After a C-section, your period typically returns within 4 to 6 weeks if you’re not breastfeeding. If you are breastfeeding, it can take anywhere from a few months to well over six months, depending on how often you nurse. The timeline is driven almost entirely by hormones related to breastfeeding, not by the surgery itself.
Breastfeeding Is the Biggest Factor
Whether you had a C-section or a vaginal delivery matters far less than whether you’re breastfeeding. The hormone prolactin, which your body produces to make breast milk, also suppresses the hormonal signals that trigger ovulation. In someone who isn’t breastfeeding, prolactin drops back to normal levels within about a week after delivery. In someone who is nursing, prolactin can stay elevated for 80 days or longer, and the physical act of breastfeeding and nipple stimulation continues to delay ovulation even after prolactin levels start to normalize.
The more frequently you nurse, the longer your period stays away. Exclusive or near-exclusive breastfeeding, with no more than 4 hours between daytime feedings and 6 hours overnight, is the pattern most strongly associated with continued suppression of ovulation in the first six months. Once you start supplementing with formula, introducing solids, or spacing out feedings, your body begins to shift back toward its normal cycle. Many people who partially breastfeed see their period return somewhere between 3 and 6 months postpartum, while those who exclusively breastfeed for a year or more may not menstruate for the entire duration.
How a C-Section May Affect Your Cycle
A C-section doesn’t meaningfully change when your period comes back, but it may change how it feels once it does. Some research suggests that C-section scarring can increase both period pain and flow. This isn’t universal, and plenty of people notice no difference at all, but if your first few postpartum periods feel heavier or crampier than what you remember, scar tissue on the uterus could be a contributing factor.

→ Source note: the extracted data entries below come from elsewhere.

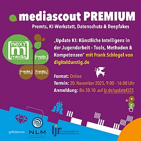 Der mediascout PREMIUM findet am 20.11.2025 von 9:00 bis 16:00 Uhr online statt. Die Anmeldung ist hier möglich: www.ljr.de/updateki25
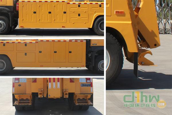 托舉質(zhì)量:5850kg。裝有托臂,吊臂,絞盤(pán),支腿等總成,左右車(chē)身為箱形結(jié)構(gòu),適用于排除道路上的故障車(chē)輛。下部離地高度430mm,材質(zhì):Q235,板厚3mm,起到側(cè)防護(hù)作用。后部裝有托臂裝置,和支腿支腳裝置,起到后防護(hù)作用,離地高度為495mm。該車(chē)在側(cè)后面粘貼反光標(biāo)識(shí)。安裝帶有衛(wèi)星定位功能的行駛記錄儀。ABS系統(tǒng)型號(hào)為4460046300,生產(chǎn)企業(yè)為威伯科汽車(chē)控制系統(tǒng)(中國(guó))有限公司。
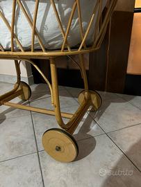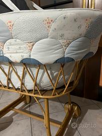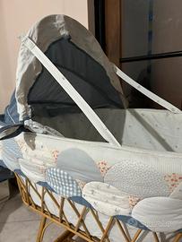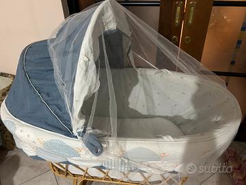 Culla per bebè , in vimini su ruote , usata pochissimo, in ottimo stato, con rivestimento in tessuto imbottito, comprensiva di materassino e zanzariera.
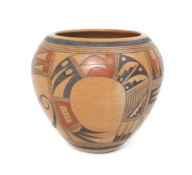 a polychrome jar with four panels of rain bird design, signed Rondina Huma.
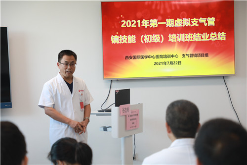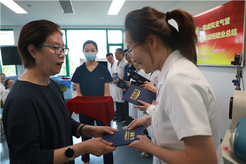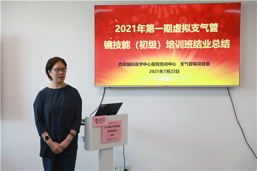 在結(jié)業(yè)典禮上,李武平院長頒發(fā)培訓(xùn)證書,對結(jié)業(yè)學(xué)員表示祝賀;對來自支氣管鏡檢查室、培訓(xùn)中心兼職教師谷志彬教授的專業(yè)素養(yǎng)與辛苦付出表示贊揚(yáng);對康福霞主任帶領(lǐng)下的培訓(xùn)中心工作團(tuán)隊給予高度肯定。同時李院長指出:“每一段看似結(jié)束的培訓(xùn)旅程、都應(yīng)是每位學(xué)員職業(yè)生涯新的開始。國際醫(yī)學(xué)培訓(xùn)中心作為醫(yī)生的“圖書館”,應(yīng)當(dāng)時刻了解臨床所需,充分利用各種高端模擬設(shè)備,建立完善的課程體系,助力更多臨床醫(yī)生時刻充電;學(xué)員應(yīng)當(dāng)積極參加并珍惜每一次培訓(xùn)機(jī)會,豐滿自己羽翼?!?

What Your First Period Will Look Like
Your first postpartum period is often heavier than what you experienced before pregnancy. You may notice more clotting than usual, and cramping can be more intense. This is partly because the uterus has stretched during pregnancy and now has more lining tissue to shed each cycle. The first couple of periods tend to be the most noticeably different.

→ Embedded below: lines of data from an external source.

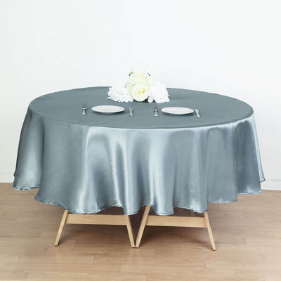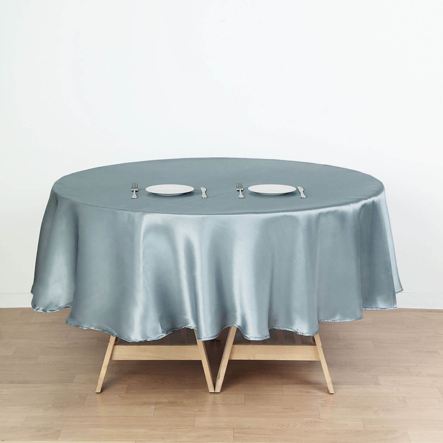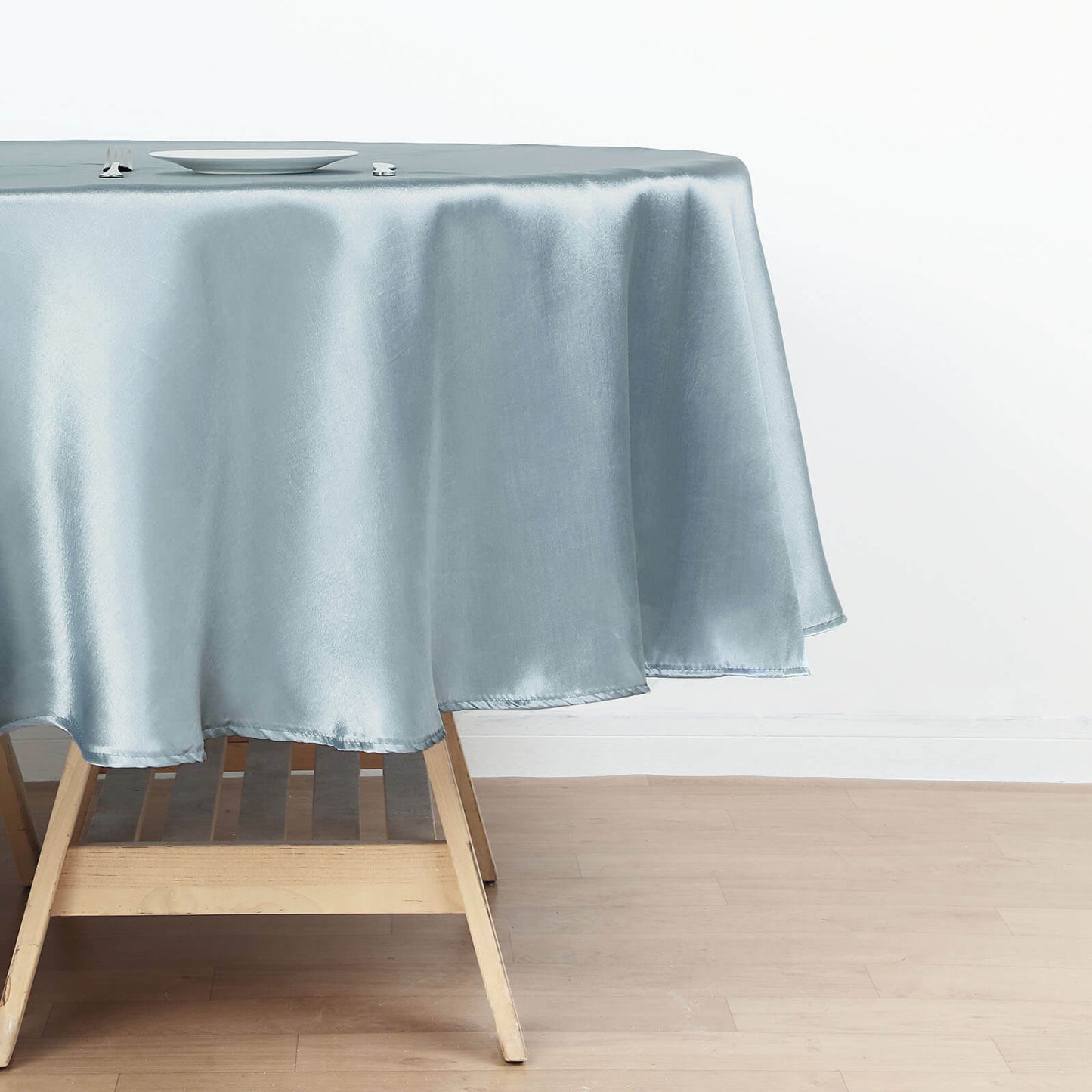 90" Dusty Blue Seamless Satin Round Tablecloth
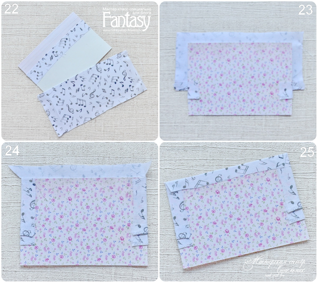 9. Продолжаем дальше. Берем полученную заготовку (21) и полоску которая поменьше (размер 13х6) (22). Складываем детали как показано на фото (23). Приклеиваем сначала короткие стороны, отрезали небольшой треугольник. (24) Подклеили уголки, и приклеиваем одну сторону (25)
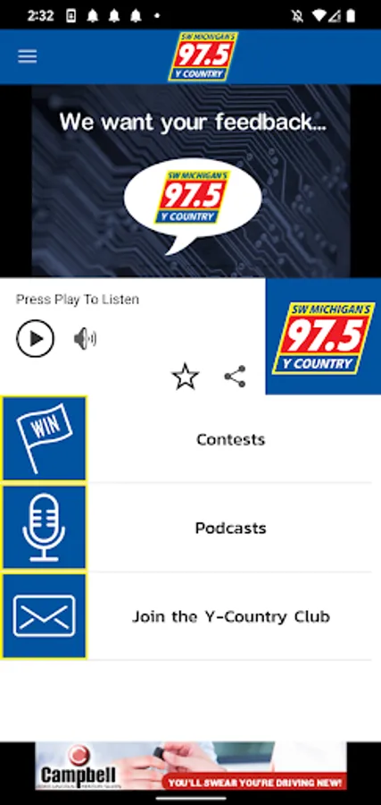 97.5 Y-Country is Southwest Michigan's Country! Listen live to catch all of your favorite Y-Country shows including the Matt Malone Morning Show, Nights With Elaina, After Midnight with Granger Smith, Fresh Picked and more! Also enter to win get contests, check out our podcasts, send us voice clips using the open mic feature, and more! All for free!
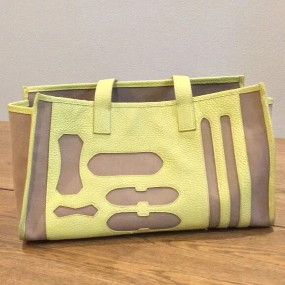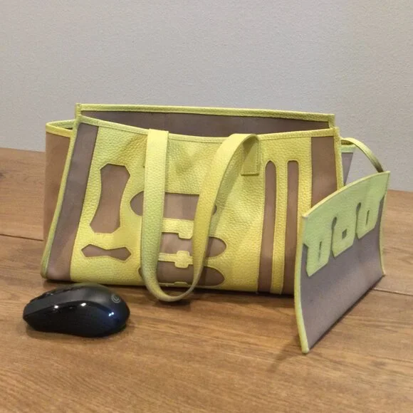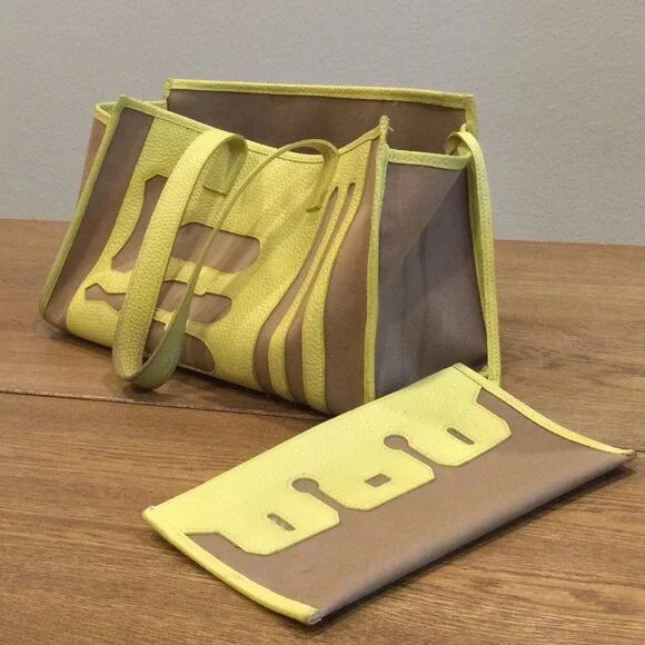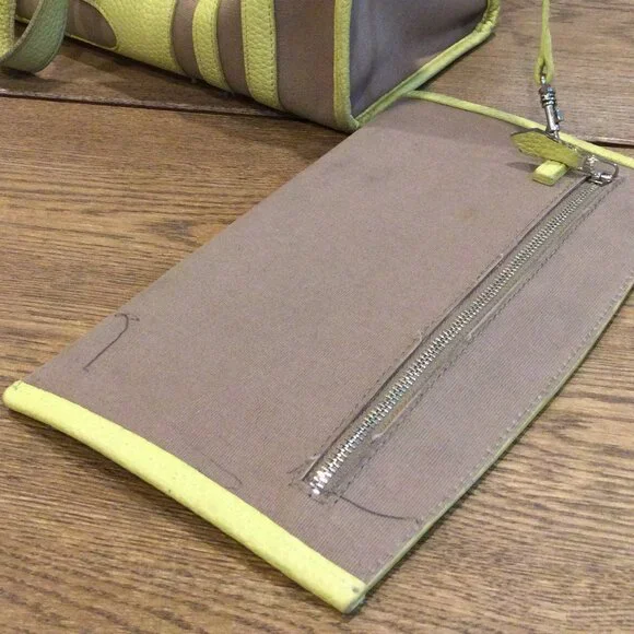 Light Brown canvas and yellow leather tote bag. There is a ballpoint pen mark.Straps have some wear.Made in Korea.
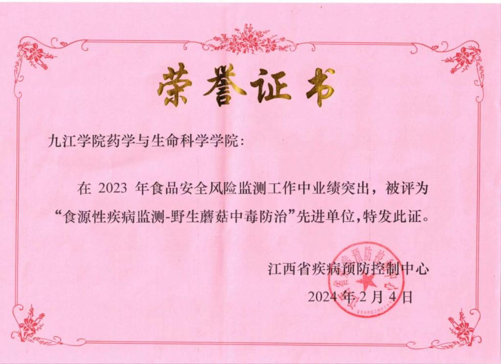 近日,药学与生命科学学院被江西省疾病预防控制中心评为“食源性疾病监测-野生蘑菇中毒防治”先进单位。
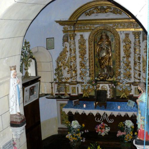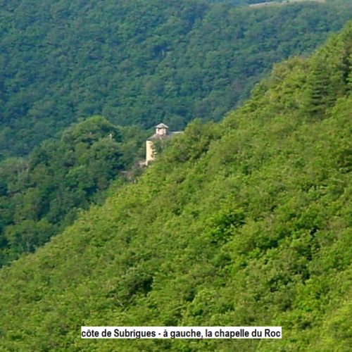 La chapelle du Roc au départ de la croix du Martinesq, lieu où se retrouvaient les pélerins venus de Meljac, se situe à environ 3 à 4 kms en suivant le chemin du Suc et de Subrigues. Elle apparait comme un site défensif refuge pour garder la vallée et un lieu de prière pour faire barrage au développement en Rouergue des idées nouvelles du Catharisme en provenance de l’Albigeois. Rempart temporel et spirituel contre l’invasion de l’hérésie cathare, la statue de Notre-Dame du Roc, à l’intérieur de la chapelle, représente la Vierge écrasant des serpents noirs.

That said, some people find their periods actually get easier after pregnancy. The stretched, more relaxed uterine muscle can make cramping less severe for certain individuals. There’s no reliable way to predict which direction yours will go, but either outcome is normal. Your cycles may also be irregular for the first few months before settling into a predictable pattern.

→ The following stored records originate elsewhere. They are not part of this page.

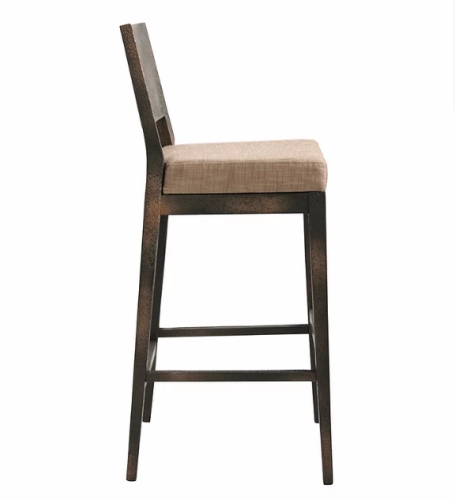 Sgabello in stile contemporaneo con struttura in faggio e schienale tamburato. L'imbottitura è realizzata su pannello in truciolare il quale è rivestito, al di sotto, da una telina in TNT (tessuto non tessuto) di grammatura 100.
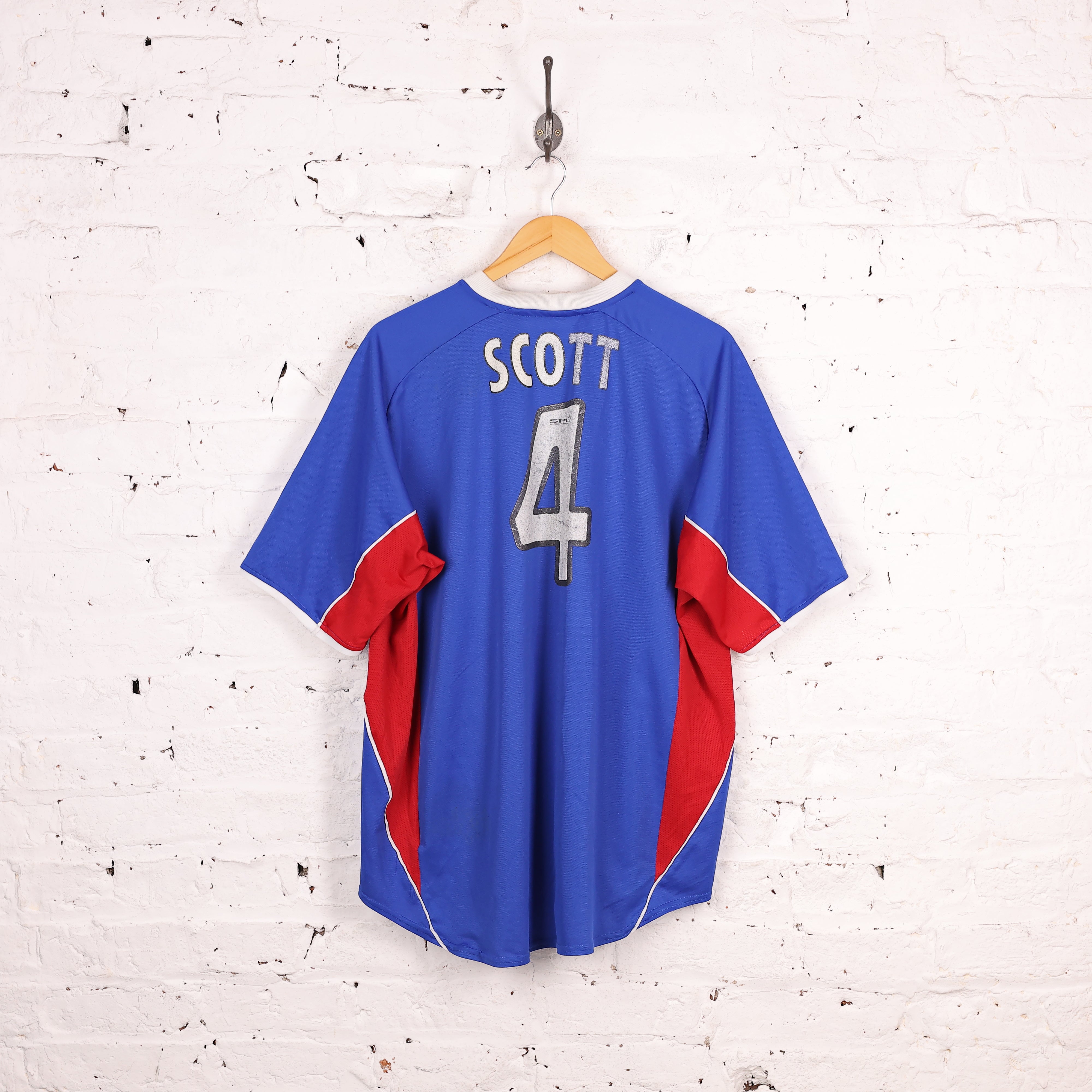 Good condition, small signs of general fading and wear. Rangers FC home shirt from 2001/02 Scottish Premiership season. Made by Nike with stitched badge and logo on the chest and 'ntl' sponsor. Scott no.4 on the back was unfortunately not a Ranger's player.
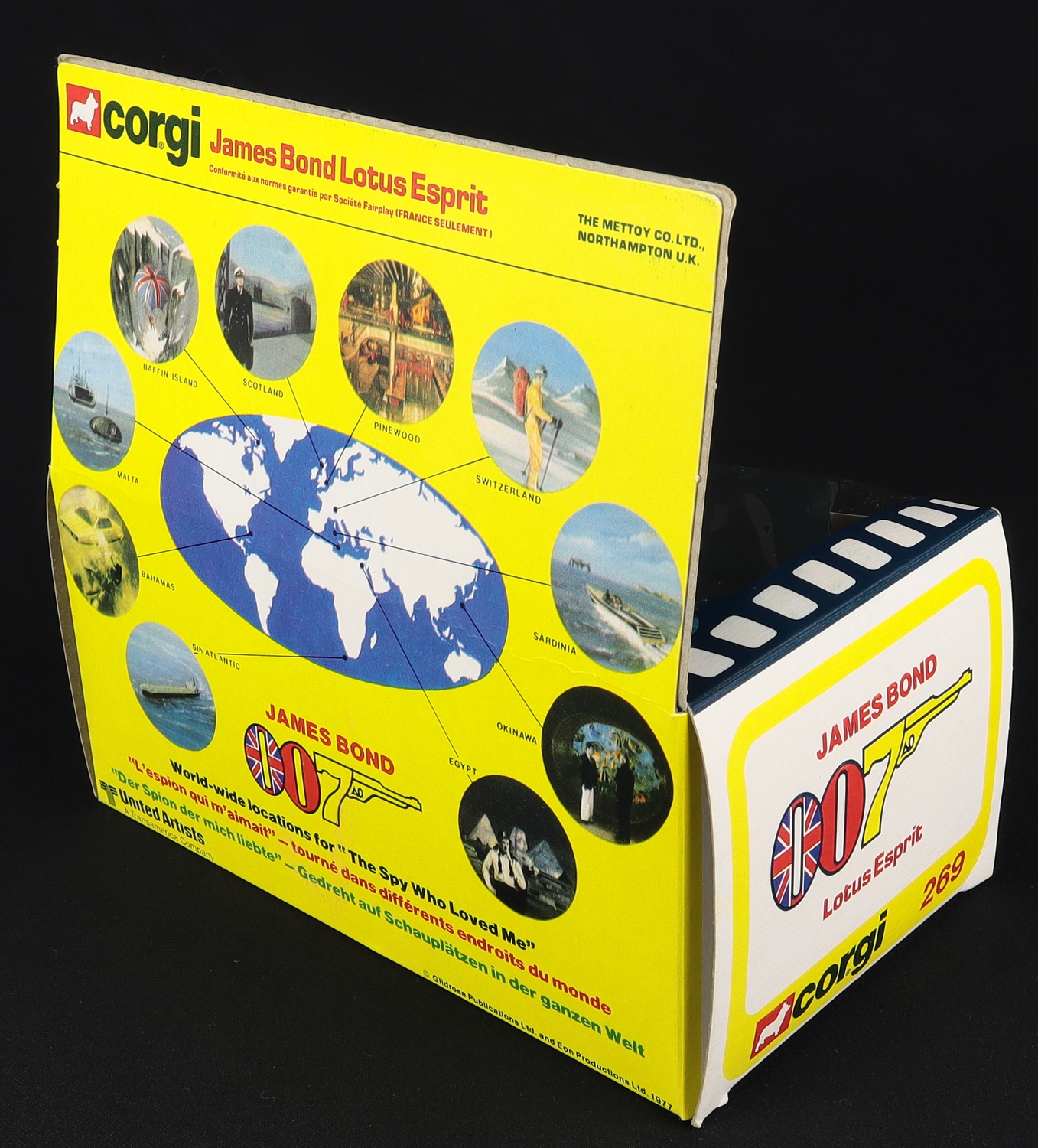 James Bond Lotus Esprit by Corgi Toys, No. 269. Very, very near mint/boxed, with missiles. Version WITH the 'New' tag on the box . Later issue correct without hammer & sickle detail and instructions printed on base. Pristine card stand! From The QDT Vault.

Lochia vs. Your Actual Period
One of the most common sources of confusion in the early weeks is telling the difference between postpartum bleeding (called lochia) and a true period. Lochia is not a period. It’s the discharge your uterus produces as it heals from pregnancy, and it follows a predictable progression over about six weeks.
- Days 1 through 3 or 4 (lochia rubra): Dark or bright red blood, heavy flow similar to a period, with small clots smaller than a quarter.
- Days 4 through 12 (lochia serosa): Pinkish-brown, thinner and more watery, with a moderate flow and fewer or no clots.
- Day 12 through week 6 (lochia alba): Yellowish-white, very little blood, light flow or spotting, no clots.
The key distinction: lochia gradually tapers from heavy and red to light and yellowish over several weeks. It doesn’t stop and restart. If your bleeding has faded to light spotting or stopped entirely and then you get a fresh flow of red blood, that’s more likely your period returning (or, less commonly, a sign of a complication worth checking on). Some people have traces of lochia for up to eight weeks, so if you’re not breastfeeding, there can be very little gap between lochia ending and your first real period arriving.
You Can Get Pregnant Before Your Period Returns
This catches many people off guard: up to 40% of postpartum women ovulate before they ever see their first period. That means you can become pregnant again without having had any menstrual bleeding as a warning sign. Ovulation happens roughly two weeks before a period, so by the time you’d notice your cycle returning, you may have already had a fertile window.
If you’re not planning another pregnancy soon, this is worth thinking about early, even while you’re still dealing with lochia. The absence of a period is not a reliable indicator that you’re not fertile, particularly once you start reducing breastfeeding frequency or if you’re formula feeding from the start.
When Cycles Typically Stabilize
Irregular timing, heavier flow, and unpredictable cramping are all common for the first several cycles. Most people find that their periods start to resemble their pre-pregnancy pattern within a few months of returning, though some notice lasting changes in flow or pain levels. If your periods were painful before pregnancy, cramping will likely resume, but the intensity may shift in either direction. In general, postpartum period symptoms tend to converge back toward whatever was normal for you before you were pregnant.